Air Sudah Sampai ke Pelanggan

muara-sungai-sukalila
Kondisi muara DAS Sukalila di Pesisir Kelurahan Panjunan, Senin (20/7). Foto: Okri Riyana/Radar Cirebon
0 Komentar

CIREBON – Pasca selesainya proses tapping inlet dan outlet reservoir 9.000 M3 ke jaringan distribusi utama (JDU), Perumda Air Minum Tirta Giri Nata (PAM TGN) memastikan Senin 20 Juli air sudah mengalir ke jaringan lingkungan. Bahkan, hingga pelanggan terjauh sekalipun.

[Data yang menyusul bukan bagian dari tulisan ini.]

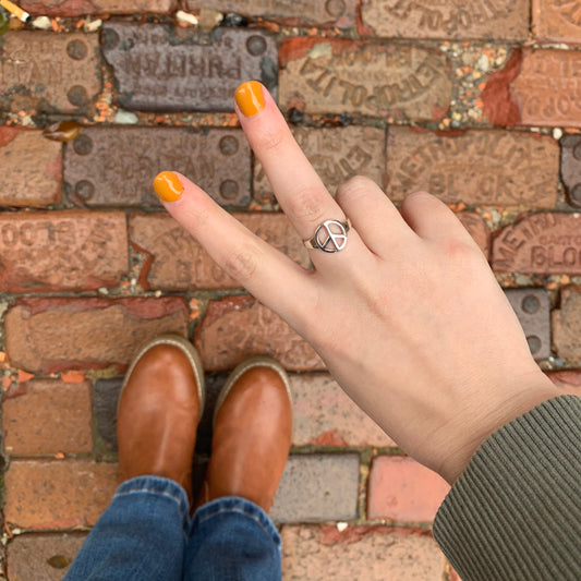 Boho Hippie Sterling Silver Peace Sign Ring – Vintage-Inspired Statement Jewelry for Free-Spirited Souls

Direktur utama PAM TGN, Sofyan Satari SE MM memaparkan, dalam waktu 14 hari sejak selesainya taping memang masih berlaku masa normalisasi.
Pihaknya mengerahkan petugas pengecekan jaringan untuk memantau proses pembuangan udara yang sebelumnya terperangkap di pipa-pipa saluran induk maupun saluran lingkungan.
“Dua hari ini normalisasi dan pemantauan sudah kita lakukan. Normalisasi sudah levelnya rumah ke rumah, kalau jaringan lingkungan sudah pada teraliri. Tapi, terus disurvei, sampai 4 hari ke depan, kita fokuskan masih rutin pembuang angin dan udara yang ada di saluran air,” kata Sofyan, kepada Radar Cirebon, Senin (20/7).
Pria yang akrab disapa Opang ini mengatakan, berdasarkan pengecekan petugas, aliran air sudah sampai ke jaringan yang lokasinya terjauh. Misalnya, sebelah utara jaringan terjauh hingga ke ka kawasan Klayan dan Pesisir, sebelah timur sampai ke Lobunta dan Mundu.
Kepastian pengecekan air sudah mengalir tersebut, dilakukan dengan cara melihat titik blow off (BO), dan air vent di jaringan lingkungan. Ketika dibuka sudah keluar air dengan tekanan yang cukup tinggi, sudah memancar dengan ketinggian lebih dari 50 sentimeter.
Titik BO, adalah valve yang sengaja disediakan pada jaringan distribusi air, untuk mengecek adanya aliran air sekaligus mengeluarkan udara yang terperangkap di dalam saluran jaringan.
BO biasanya berada di jaringan yang berada di pinggir sungai atau selokan, agar air yang terbuang langsung mengalir dan tidak menggenang ke jalan dan permukaan tanah.
Ada juga air vent, biasanya berada di jaringan saluran air yang menyebrang/melintas pada jembatan-jembatan. “Kalau yang di saluranya masih terdapat udara terperangkan, biasanya di air vent suka ada air yang memancar ke atas sambil nembak-nembak angin. Kalau sudah stabil itu udaranya sudah dikeluarkan semua,” ungkapnya.
Bahkan, dia mengklaim pasca pembukaan kembali aliran air setelah selesainya proses tapping inlet dan outlet reservoir, sejumlah pelanggan di beberapa wilayah merasakan aliran dan tekanan air relatif lebih besar. Karena terbantu proses normalisasi dan pembuangan udara terperangkap.